Hi, Mercy
In a rush here, so replying your PM in the open forum, in case it helps others
--My mum's genetic test shows KRAS mutation. Practically speaking, I know there are certain kinds of targeted drugs are not useful on her right now.
With a KRAS mutation, Erbitux and Vectibix can't be used. There are certain data that certain submutation of KRAS, G13D, might respond to them, anyway, but you need further testing. Having or not having the mutation adds one more line of therapy, that might last months, but doesn't affect the curable/non curable status.

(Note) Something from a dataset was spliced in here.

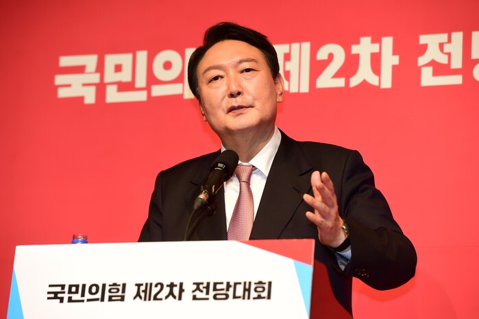 ▲ 국민의힘 윤석열 대선 후보가 5일 오후 서울 용산구 백범김구기념관에서 열린 제2차 전당대회에서 제20대 대통령 선거 후보에 선출된 후 기자회견을 하고 있다. [국회사진기자단=연합뉴스] |

--Does it mean that my mum cant be cured unless the mutation being cured? (Even Avastin is not curing the disease but just pushing the deadline? And I am wondering even though we remove tumors in her body through surgery, is it very likely to develop again as the mutation is still in place...Am I right?)

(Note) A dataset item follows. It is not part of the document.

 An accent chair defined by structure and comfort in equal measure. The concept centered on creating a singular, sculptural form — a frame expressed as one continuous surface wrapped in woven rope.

You are right on every point. Even if the chemo or the monoclonal antibody, Avastin, make her NED --not evidence of disease--, that lasts during a while. It might be months or one year, but the cancer reappears. The KRAS mutation is not important, regarding that --it is what happens with all the unresectable metastatic CRC. Those who are metastatic and had one/two spots in the liver, or one/two on the lungs and had a resection, have durable responses; they are ''cured'', some people say. Still, we see recurrences.
KRAS mutation is not relevant, at the present, for immunotherapy. What it is important is knowing if a patient is MSS --like 85 per cent of CRC-- or MSI-high --the rest. For those MSI-high, immunotherapy *monotherapy* (that is, on its own, like Keytruda, Opdivo, etc.) might mean ''durable'' response --as cautiously veckon said. For the rest, the MSS, being unresectable, the treatment that offers some chance of durable response is a *combination* immunotherapy trial (many times, an anti PD-1) PLUS ''something else''. That would be also the path for the MSI-high who doesn't respond to immunotherapy on its own, or progress on it.

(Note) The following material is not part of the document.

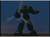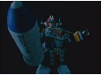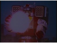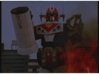 Lionizer reacts to the Mega Voyager, then fires his bazooka at it. |
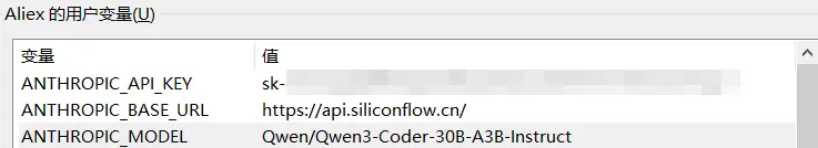 ANTHROPIC_API_KEY:平台申请的 API KeyANTHROPIC_BASE_URL:平台的 Base APIANTHROPIC_MODEL:你要使用的平台模型名称

In my signature, there is a link to a trial finder for MSS --most trials are for MSI-high, too-- that our fellow Tom Marsilje (DK37, in this forum) curates.
I already mentioned one trial that you have available in HK.
On the other hand, the best clinical data that we have of immunotherapy working for MSS is for a cohort where most were KRAS mutant. See literature in the thread from your HK colleague:
viewtopic.php?f=1&t=58371I hope I didn't make many mistakes... Hang in there!